June 17, 2010
There's no doubt about it, week one was a raging success. We finished every last leaf in our basket, and to be quite honest, I feel like I could sprout wings and fly--not to mention the fact that my colon's singing showtunes. And that's not a poetic way of talking about farts.
This week, I left the basket where it belonged and came home with this:
Do you have any idea how many vegetables are in those bags? Check it out from this angle:
That's fifteen feet of organic leafy greens, you guys. Obviously I'm planning to outlive every last one of you--so write me into your will, okay?
Here's the breakdown...
2 heads of napa cabbage
4 heads of lettuce
2 heads of bok choy
2 bunches of kale
2 bags of spinach
2 bunches of beets
2 bunches of radishes
2 bunches of red turnips
2 bunches of white turnips
2 bunches of green onions
1 bag of snap peas
I added up the approximate cash value, and if I felt like buying this vegetablefest from my local grocery store, it would cost anywhere between $60 and $524. I feel like I'm getting one hell of a deal.
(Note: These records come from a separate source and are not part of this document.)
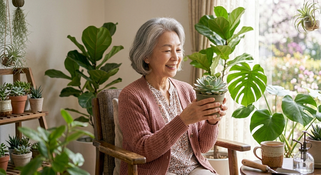 단순한 인테리어가 아닙니다. 식물과 교감하는 것은 시니어 건강에 큰 도움이 됩니다.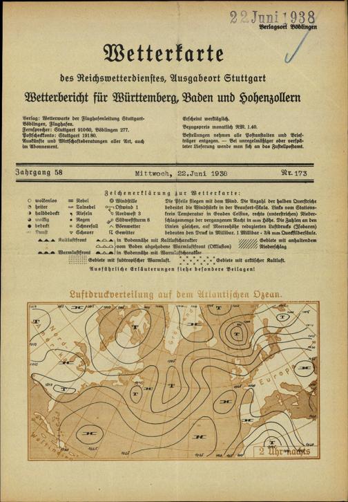 Wetterkarte des Reichswetterdienstes
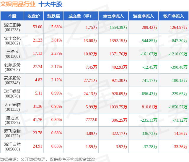 个股表现方面,文娱用品行业当日领涨股为浙江正特(001238),该股当日报收53.0,上涨5.68%,成交量1.75万,主力资金净流出1554.39万元。实丰文化(002862)以上涨3.81%紧随其后,该股当日成交量13.08万,主力资金净流入1392.15万元。除此之外,三柏硕(001300)、创源股份(300703)、高乐股份(002348)均进入当日牛股之列。具体个股列表见下表: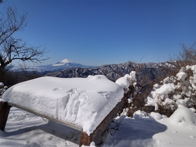 降雪直後の快晴の天候に恵まれました。丹沢・大山山頂から、山座同定を楽しみました。スマホアプリでは簡単にできるようですが、面白みを感じないのは私だけでしょうか。地勢図とコンパスを利用しました。下山にはケーブルカーの利用も考えましたが運休。バスも区間運休で、1時間程余分に歩きました。山名表示板はすっかり雪に埋もれていました。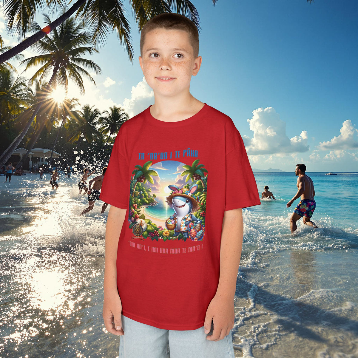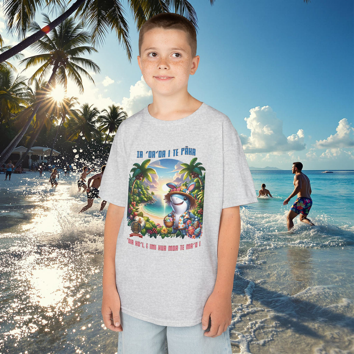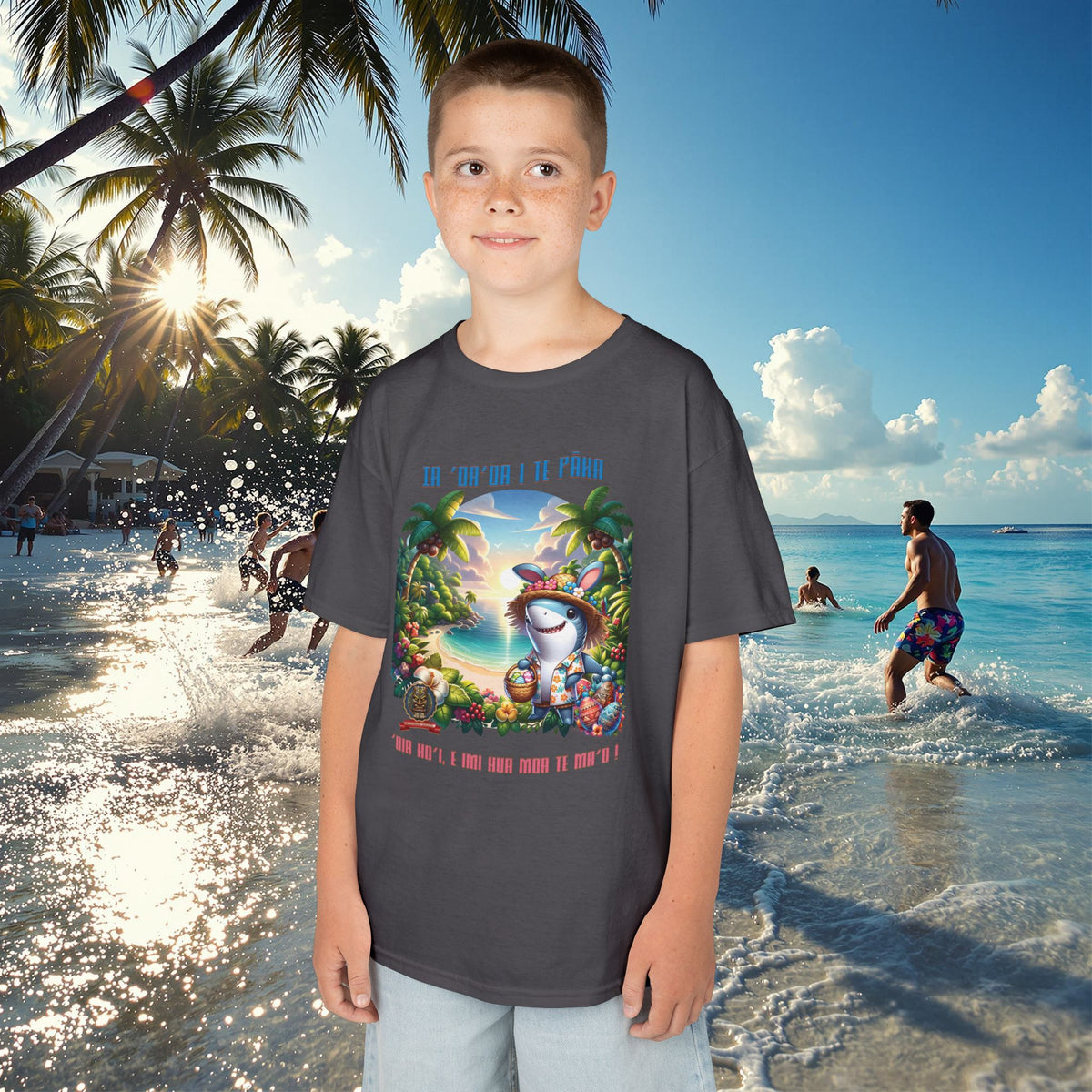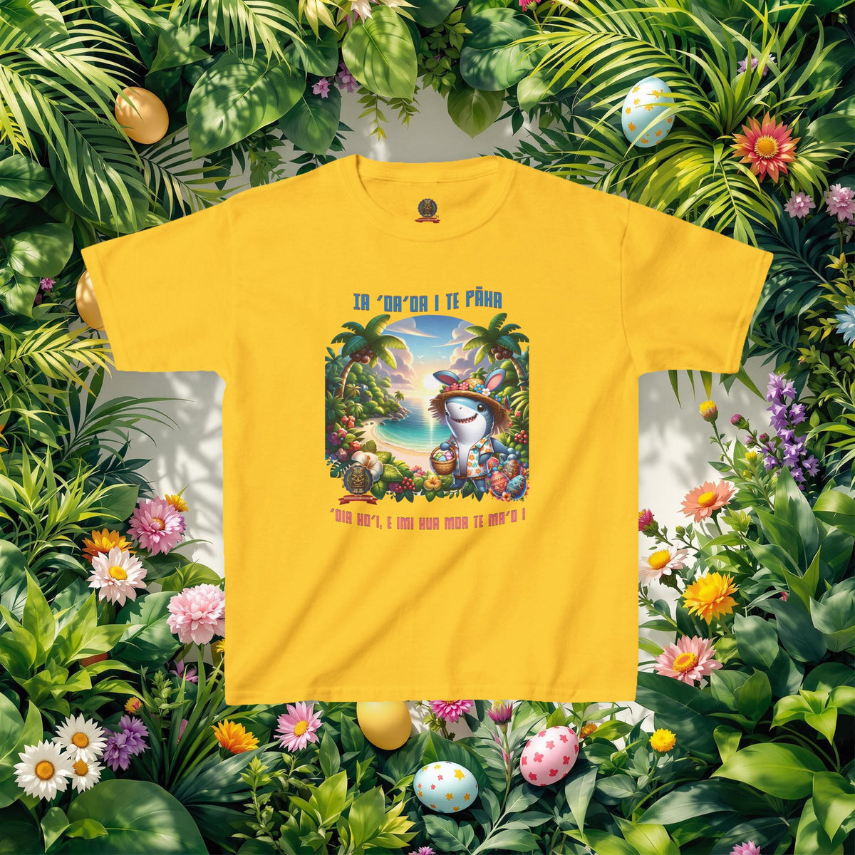 ”‘Ia ‘oa’oa i te Pāka – ‘oia ho’i, e imi hua moa te ma’o !” - (“Joyeuses Pâques en Polynésie – même les requins cherchent des œufs !”).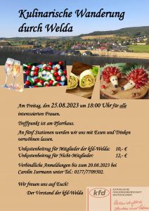 Die KFD Welda lädt am Freitag, den 25. August alle Interessierten Frauen zu einer kulinarischen Wanderung durch Welda ein.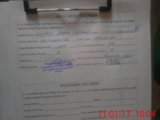| Name: MA**** NA**** Designation: (School Headmaster's/Headmistress's) H M Phone/Cell Number: 03**** |

When I got home from the farm, I wasted no time. I immediately boiled some water, blanched a bag of spinach and one bunch of kale. I packed it away in our basement freezer and I'm planning to save it until the winter--you know, for the moments when James misbehaves.
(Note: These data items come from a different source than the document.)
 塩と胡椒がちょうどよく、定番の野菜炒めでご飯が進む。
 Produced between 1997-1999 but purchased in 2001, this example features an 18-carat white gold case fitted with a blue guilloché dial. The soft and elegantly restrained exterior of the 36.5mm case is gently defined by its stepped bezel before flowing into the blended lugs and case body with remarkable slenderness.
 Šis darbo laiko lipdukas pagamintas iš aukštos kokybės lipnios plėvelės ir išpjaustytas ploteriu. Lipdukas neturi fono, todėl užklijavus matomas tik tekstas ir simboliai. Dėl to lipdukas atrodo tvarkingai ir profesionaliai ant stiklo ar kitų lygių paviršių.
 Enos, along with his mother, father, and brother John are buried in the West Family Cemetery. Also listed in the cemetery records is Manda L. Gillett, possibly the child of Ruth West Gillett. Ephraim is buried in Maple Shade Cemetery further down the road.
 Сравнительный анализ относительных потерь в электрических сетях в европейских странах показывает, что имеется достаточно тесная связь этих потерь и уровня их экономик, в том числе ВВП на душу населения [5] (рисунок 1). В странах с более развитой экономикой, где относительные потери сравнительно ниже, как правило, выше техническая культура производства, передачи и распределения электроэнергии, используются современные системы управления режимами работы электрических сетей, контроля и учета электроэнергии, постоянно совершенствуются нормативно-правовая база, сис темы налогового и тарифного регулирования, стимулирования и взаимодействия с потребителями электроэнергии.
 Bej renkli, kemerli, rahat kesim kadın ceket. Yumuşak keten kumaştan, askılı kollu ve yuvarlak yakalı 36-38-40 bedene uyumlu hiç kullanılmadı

JAMES: Mom, no time out! Anything but a timeout!
ME: Okay, here. Eat this kale instead.
Can't. Freaking. Wait.
Speaking of kale, I turned a few leaves into these crunchy little kale chips. They're super easy, and even though they pale in comparison to the almighty Cheeto, they're really quite snackable:
Unfortunately, they don't leave any kind of orange dust on your fingers. If you still want to make a batch, it's easy... Preheat the oven to 300. Cut a few kale leaves into chip sized pieces. Spray both sides with cooking spray and sprinkle with salt. Put 'em in the over for 10ish minutes, or until they're nice and crunchy.
For dinner I whipped up a stir-fry. It had a few handfuls of snap peas, one bunch of white turnips, one bunch of red turnips, an undefiled head of bok choy, and some green onions. I threw in some sesame seeds, a few soy nuts, some teriyaki sauce, and a whole lot of love:
Then I rubbed Jared's fork under my armpit. Trust me, he was asking for it.